In this study, retinoblastoma was the most common malignant tumor (36.7%) with age-range of 1.5-8 years and mean of 3.25 years. This is in agreement with previous studies in the center and other studies in Nigeria, [1],[3],[4],[5],[7],[8],[9],[10],[11],[12],[13],[14],[15] Africa, [16] India, [19],[20] and Nepal. [21]

Squamous cell carcinoma turned out to be the second most common orbito-ocular tumor accounting for 22.4% of cases. This is also in keeping with the earlier study by Mohammed et al. in Zaria [1] and other studies in Kaduna, [5] Ibadan, [10],[11] Benin, [14] Ilorin, [13],[15] Uganda, [16] and India, [19],[20] respectively.

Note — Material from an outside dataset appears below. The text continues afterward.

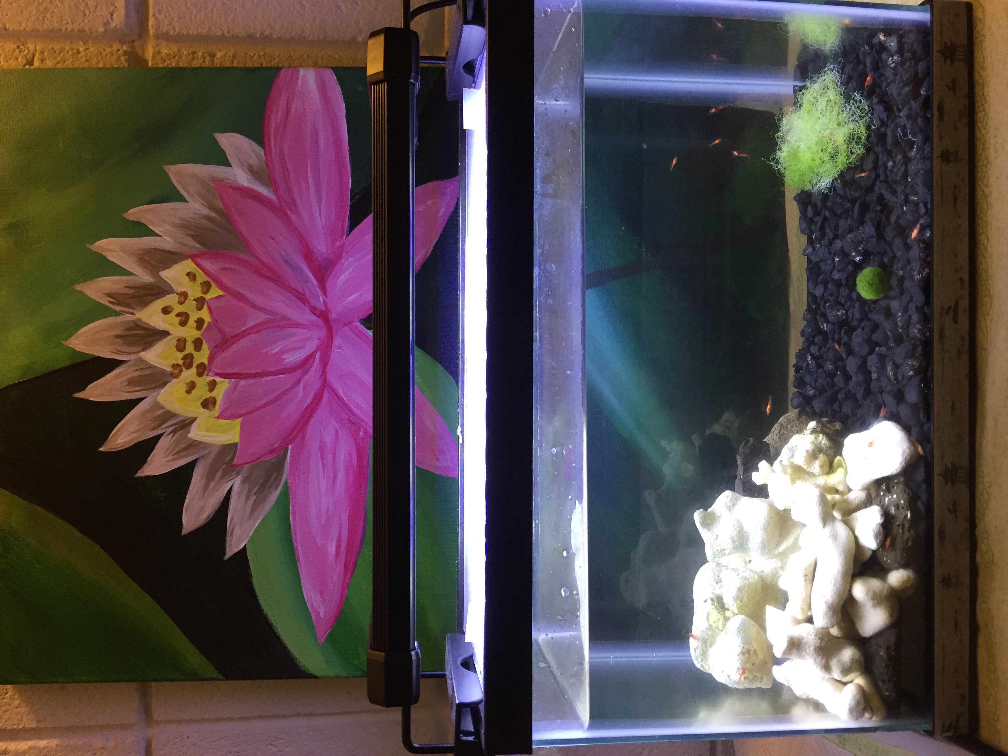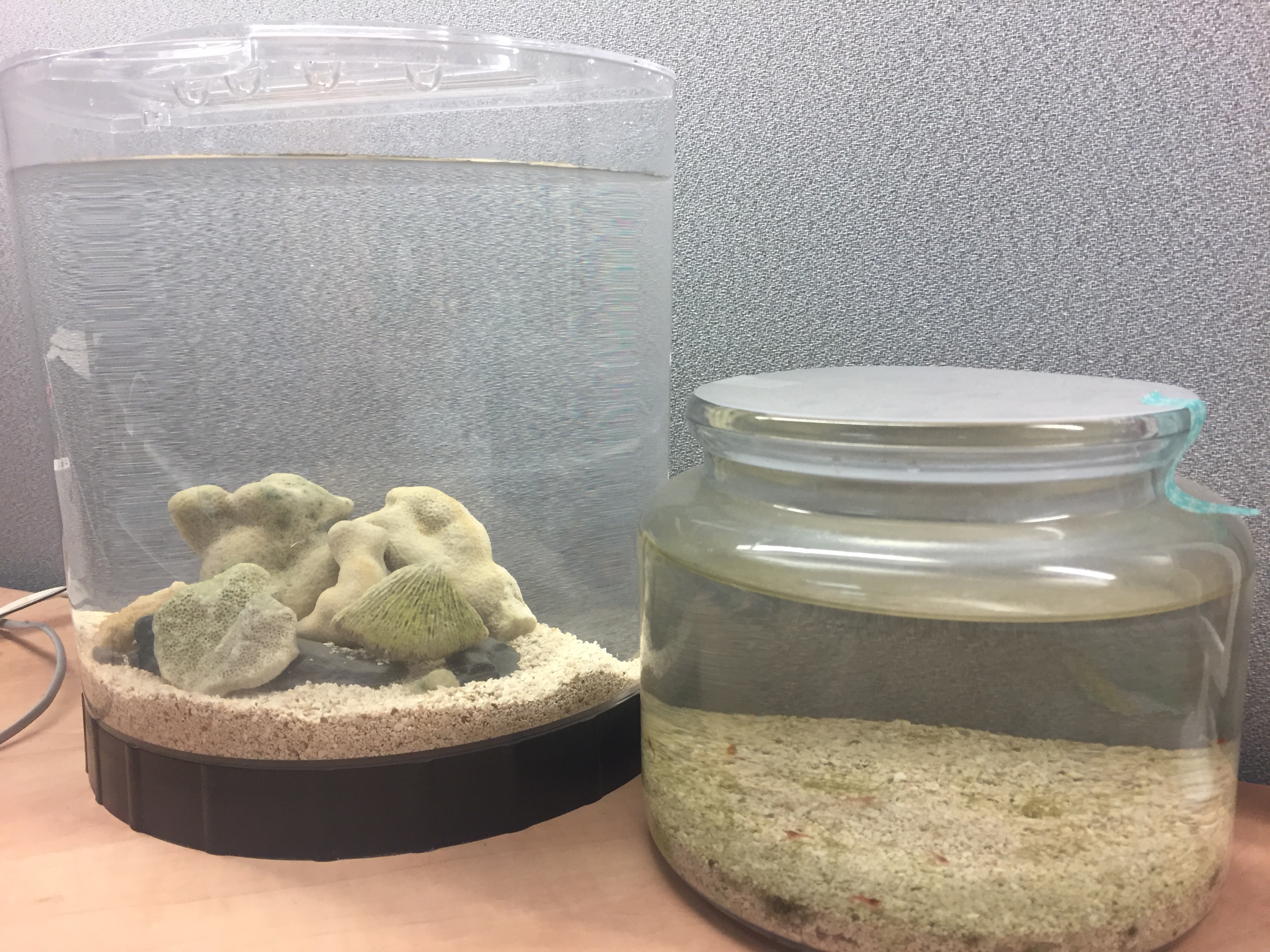 The work tank Is now about 2 months old and seems to be holding steady. There's no light on it and it sits in the dark on weekends. I love having the shrimpies with me at work. They are so fun to watch and are a great stress reliever.

Rhabdomyosarcoma was the histological diagnosis in 6% of cases. Of interest is a 21-year-old patient who presented with orbital rhabdomyosarcoma even though the average age of presentation is usually 7−8 years. [1] This highlights the late presentation of patients, which poses diagnostic difficulties.

There were two cases of Kaposi′ sarcoma associated with Human immunodeficiency virus infection/Acquired immunodeficiency syndrome (HIV/AIDS) [22] and one case each of metastatic nasopharyngeal carcinoma [23] and recurrent pleomorphic adenoma of the lacrimal gland. [24] There was, however, no case of orbital Burkitt′s lymphoma in this series. This is contrary to the previous report by Mohammed et al. [1] The two cases of conjunctival intra-epithelial neoplasia seen is also contrary to a report from Ilorin. [13]

Benign lesions constituted 22.3% of the cases reviewed. These were mostly fibro-epithelial polyps and lipodermoid cysts (10.2%) and hemangioma (6.1%). Of particular interest, however, is the case of a 5-year-old girl with primary pediatric orbital melanoma with ocular melanocytosis, which to the authors′ knowledge, has not been reported in this part of the country previously. [25]

All patients with histologically proven malignancies were referred to the radiotherapy-oncologist for chemotherapy and radiotherapy. More than 90% of those presenting to the oncologist were only given palliative external beam radiotherapy on account of advanced stage of presentation. High-tech facilities for curative treatment of these patients are nonexistent in our facility. Children were co-managed with the pediatric oncology team for chemotherapy and other co-morbidities.

Conclusion

Most of the patients in this series presented late with fungating unsightly tumors. Retinoblastoma and squamous cell carcinoma are most common orbito-ocular tumors. Exenteration was performed more often in view of the delayed presentation and the need for tissue diagnosis for further adjuvant chemotherapy and radiotherapy. Radiotherapy/oncology services should be made more available and affordable nationwide and the few available ones be upgraded so that world class services can be rendered to all our patients.

There is an urgent need for awareness creation to ensure early presentation. There is also a need to provide access to alternative cancer funding scheme or special exemption for these patients since the National Health Insurance Scheme (NHIS) does not provide coverage for orbito-ocular tumors.